*Assigned task*: Copying rule for the data below: pictures stay out, and only the lines from the one with "в Волгограде купить" down to the one with "süren bir zulüm", inclusive, are repeated exactly.

*Extracted records*:
※ ※ ※

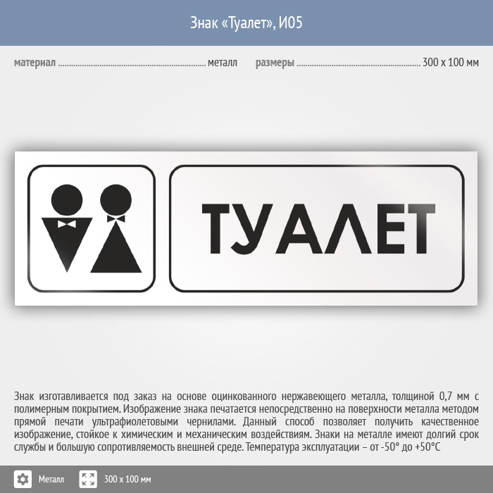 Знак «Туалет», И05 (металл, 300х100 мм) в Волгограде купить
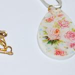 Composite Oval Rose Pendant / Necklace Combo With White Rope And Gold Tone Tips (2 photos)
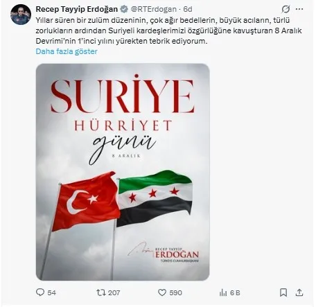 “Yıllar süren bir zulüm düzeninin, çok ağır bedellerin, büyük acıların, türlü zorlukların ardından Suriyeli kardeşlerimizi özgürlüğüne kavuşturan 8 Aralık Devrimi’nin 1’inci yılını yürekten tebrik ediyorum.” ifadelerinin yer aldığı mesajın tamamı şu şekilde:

※ ※ ※

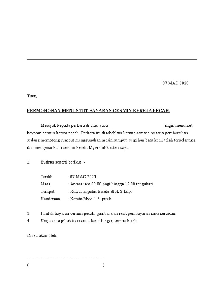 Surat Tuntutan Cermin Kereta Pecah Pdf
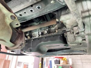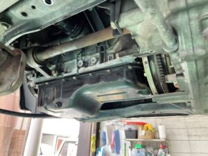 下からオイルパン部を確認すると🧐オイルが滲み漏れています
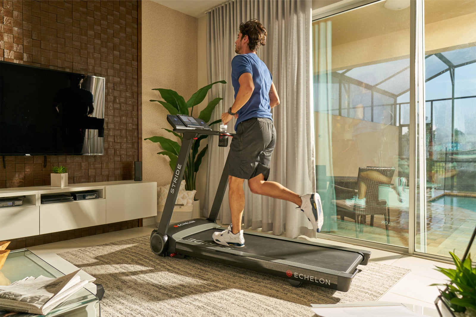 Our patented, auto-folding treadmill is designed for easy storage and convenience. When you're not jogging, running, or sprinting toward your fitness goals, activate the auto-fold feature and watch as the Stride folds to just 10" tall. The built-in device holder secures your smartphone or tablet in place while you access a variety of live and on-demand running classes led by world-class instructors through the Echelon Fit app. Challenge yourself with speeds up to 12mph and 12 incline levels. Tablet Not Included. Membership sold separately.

※ ※ ※

*Response to this exercise*:
 Знак «Туалет», И05 (металл, 300х100 мм) в Волгограде купить
 Composite Oval Rose Pendant / Necklace Combo With White Rope And Gold Tone Tips (2 photos)
 “Yıllar süren bir zulüm düzeninin, çok ağır bedellerin, büyük acıların, türlü zorlukların ardından Suriyeli kardeşlerimizi özgürlüğüne kavuşturan 8 Aralık Devrimi’nin 1’inci yılını yürekten tebrik ediyorum.” ifadelerinin yer aldığı mesajın tamamı şu şekilde:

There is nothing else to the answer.